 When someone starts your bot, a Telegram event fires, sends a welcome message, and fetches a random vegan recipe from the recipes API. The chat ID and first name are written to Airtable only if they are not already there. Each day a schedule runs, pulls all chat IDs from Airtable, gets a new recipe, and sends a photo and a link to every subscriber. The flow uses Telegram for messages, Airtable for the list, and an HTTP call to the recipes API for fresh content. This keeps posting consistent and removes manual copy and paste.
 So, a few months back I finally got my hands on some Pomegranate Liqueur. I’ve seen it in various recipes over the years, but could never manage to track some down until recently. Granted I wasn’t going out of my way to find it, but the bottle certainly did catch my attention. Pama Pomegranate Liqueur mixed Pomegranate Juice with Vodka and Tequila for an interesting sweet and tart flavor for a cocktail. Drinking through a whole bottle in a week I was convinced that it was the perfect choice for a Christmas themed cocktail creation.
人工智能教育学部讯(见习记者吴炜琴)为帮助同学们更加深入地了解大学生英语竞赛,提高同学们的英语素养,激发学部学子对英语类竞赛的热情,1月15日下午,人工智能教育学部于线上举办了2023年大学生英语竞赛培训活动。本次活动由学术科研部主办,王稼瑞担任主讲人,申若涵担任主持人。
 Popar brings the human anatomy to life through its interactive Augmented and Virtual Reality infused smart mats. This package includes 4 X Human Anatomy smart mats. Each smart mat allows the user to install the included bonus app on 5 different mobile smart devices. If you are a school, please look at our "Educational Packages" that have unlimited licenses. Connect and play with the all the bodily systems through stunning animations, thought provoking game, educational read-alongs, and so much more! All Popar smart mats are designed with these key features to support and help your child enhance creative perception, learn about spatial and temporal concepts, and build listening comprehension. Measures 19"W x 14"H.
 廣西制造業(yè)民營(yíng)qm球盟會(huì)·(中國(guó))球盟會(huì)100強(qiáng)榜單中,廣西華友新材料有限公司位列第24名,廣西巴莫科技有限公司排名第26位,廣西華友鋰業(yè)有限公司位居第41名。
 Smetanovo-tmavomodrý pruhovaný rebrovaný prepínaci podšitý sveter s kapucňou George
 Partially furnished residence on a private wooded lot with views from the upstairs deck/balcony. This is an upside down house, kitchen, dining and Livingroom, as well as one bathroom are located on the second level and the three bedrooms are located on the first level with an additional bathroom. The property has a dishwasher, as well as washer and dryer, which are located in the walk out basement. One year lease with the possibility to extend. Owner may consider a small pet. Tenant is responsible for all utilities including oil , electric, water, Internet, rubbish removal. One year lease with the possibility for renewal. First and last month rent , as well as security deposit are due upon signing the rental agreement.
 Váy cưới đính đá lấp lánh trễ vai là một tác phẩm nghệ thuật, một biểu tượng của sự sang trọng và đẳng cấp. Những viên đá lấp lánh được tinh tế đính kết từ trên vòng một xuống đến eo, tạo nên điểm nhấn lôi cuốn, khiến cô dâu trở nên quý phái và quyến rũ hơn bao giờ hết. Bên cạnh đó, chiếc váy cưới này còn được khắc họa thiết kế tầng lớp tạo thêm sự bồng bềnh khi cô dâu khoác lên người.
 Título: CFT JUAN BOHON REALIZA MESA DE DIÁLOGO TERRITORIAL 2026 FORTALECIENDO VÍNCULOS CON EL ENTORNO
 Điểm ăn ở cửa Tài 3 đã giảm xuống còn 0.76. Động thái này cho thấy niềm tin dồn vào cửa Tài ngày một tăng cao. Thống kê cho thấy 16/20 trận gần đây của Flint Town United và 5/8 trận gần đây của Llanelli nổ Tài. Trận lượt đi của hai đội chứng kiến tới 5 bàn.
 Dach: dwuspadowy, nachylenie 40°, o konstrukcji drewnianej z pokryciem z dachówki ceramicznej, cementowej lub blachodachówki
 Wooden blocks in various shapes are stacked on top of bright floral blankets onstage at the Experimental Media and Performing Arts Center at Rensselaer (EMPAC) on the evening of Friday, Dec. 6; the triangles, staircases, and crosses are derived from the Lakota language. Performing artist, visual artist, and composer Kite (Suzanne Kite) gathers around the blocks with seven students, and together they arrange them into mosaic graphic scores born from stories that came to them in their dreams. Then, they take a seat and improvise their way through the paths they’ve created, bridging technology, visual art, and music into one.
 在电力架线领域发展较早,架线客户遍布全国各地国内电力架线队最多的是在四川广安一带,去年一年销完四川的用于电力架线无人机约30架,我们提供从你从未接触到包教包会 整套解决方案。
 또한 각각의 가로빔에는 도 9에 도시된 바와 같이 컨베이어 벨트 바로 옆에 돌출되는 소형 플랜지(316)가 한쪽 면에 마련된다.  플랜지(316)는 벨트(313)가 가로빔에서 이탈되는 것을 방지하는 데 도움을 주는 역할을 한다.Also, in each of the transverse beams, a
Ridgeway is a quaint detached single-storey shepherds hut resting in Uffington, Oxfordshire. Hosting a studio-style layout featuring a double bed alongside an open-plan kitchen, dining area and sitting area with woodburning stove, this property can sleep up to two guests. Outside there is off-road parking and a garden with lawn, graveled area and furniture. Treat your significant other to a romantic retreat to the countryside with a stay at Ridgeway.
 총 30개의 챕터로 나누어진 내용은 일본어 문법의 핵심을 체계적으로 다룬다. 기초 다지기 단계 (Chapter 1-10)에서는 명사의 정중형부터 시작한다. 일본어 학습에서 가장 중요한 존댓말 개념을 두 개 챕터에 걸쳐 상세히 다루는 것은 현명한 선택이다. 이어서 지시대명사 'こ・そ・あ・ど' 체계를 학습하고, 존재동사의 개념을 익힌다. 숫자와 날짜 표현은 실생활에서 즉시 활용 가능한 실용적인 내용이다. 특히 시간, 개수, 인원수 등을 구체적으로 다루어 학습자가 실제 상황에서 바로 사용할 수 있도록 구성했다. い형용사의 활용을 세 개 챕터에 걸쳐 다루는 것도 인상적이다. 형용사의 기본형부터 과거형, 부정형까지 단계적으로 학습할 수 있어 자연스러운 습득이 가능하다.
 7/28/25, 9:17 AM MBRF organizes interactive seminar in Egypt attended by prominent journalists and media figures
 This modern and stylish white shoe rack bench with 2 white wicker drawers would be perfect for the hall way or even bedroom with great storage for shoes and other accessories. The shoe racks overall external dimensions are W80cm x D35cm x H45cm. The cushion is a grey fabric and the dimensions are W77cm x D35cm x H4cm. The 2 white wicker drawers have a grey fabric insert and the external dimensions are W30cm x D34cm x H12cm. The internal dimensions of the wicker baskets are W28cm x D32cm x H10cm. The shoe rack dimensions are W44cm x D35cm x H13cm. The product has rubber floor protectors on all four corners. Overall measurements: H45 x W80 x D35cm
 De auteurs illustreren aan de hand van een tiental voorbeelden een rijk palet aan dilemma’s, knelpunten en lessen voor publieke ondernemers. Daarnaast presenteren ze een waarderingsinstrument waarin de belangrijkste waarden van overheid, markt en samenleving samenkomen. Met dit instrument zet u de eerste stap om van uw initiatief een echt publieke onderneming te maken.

Assignment: Word for word, repeat the data from its first line through the line with "Popar brings the", including both of those lines and no others.

The answer:
 When someone starts your bot, a Telegram event fires, sends a welcome message, and fetches a random vegan recipe from the recipes API. The chat ID and first name are written to Airtable only if they are not already there. Each day a schedule runs, pulls all chat IDs from Airtable, gets a new recipe, and sends a photo and a link to every subscriber. The flow uses Telegram for messages, Airtable for the list, and an HTTP call to the recipes API for fresh content. This keeps posting consistent and removes manual copy and paste.
 So, a few months back I finally got my hands on some Pomegranate Liqueur. I’ve seen it in various recipes over the years, but could never manage to track some down until recently. Granted I wasn’t going out of my way to find it, but the bottle certainly did catch my attention. Pama Pomegranate Liqueur mixed Pomegranate Juice with Vodka and Tequila for an interesting sweet and tart flavor for a cocktail. Drinking through a whole bottle in a week I was convinced that it was the perfect choice for a Christmas themed cocktail creation.
人工智能教育学部讯(见习记者吴炜琴)为帮助同学们更加深入地了解大学生英语竞赛,提高同学们的英语素养,激发学部学子对英语类竞赛的热情,1月15日下午,人工智能教育学部于线上举办了2023年大学生英语竞赛培训活动。本次活动由学术科研部主办,王稼瑞担任主讲人,申若涵担任主持人。
 Popar brings the human anatomy to life through its interactive Augmented and Virtual Reality infused smart mats. This package includes 4 X Human Anatomy smart mats. Each smart mat allows the user to install the included bonus app on 5 different mobile smart devices. If you are a school, please look at our "Educational Packages" that have unlimited licenses. Connect and play with the all the bodily systems through stunning animations, thought provoking game, educational read-alongs, and so much more! All Popar smart mats are designed with these key features to support and help your child enhance creative perception, learn about spatial and temporal concepts, and build listening comprehension. Measures 19"W x 14"H.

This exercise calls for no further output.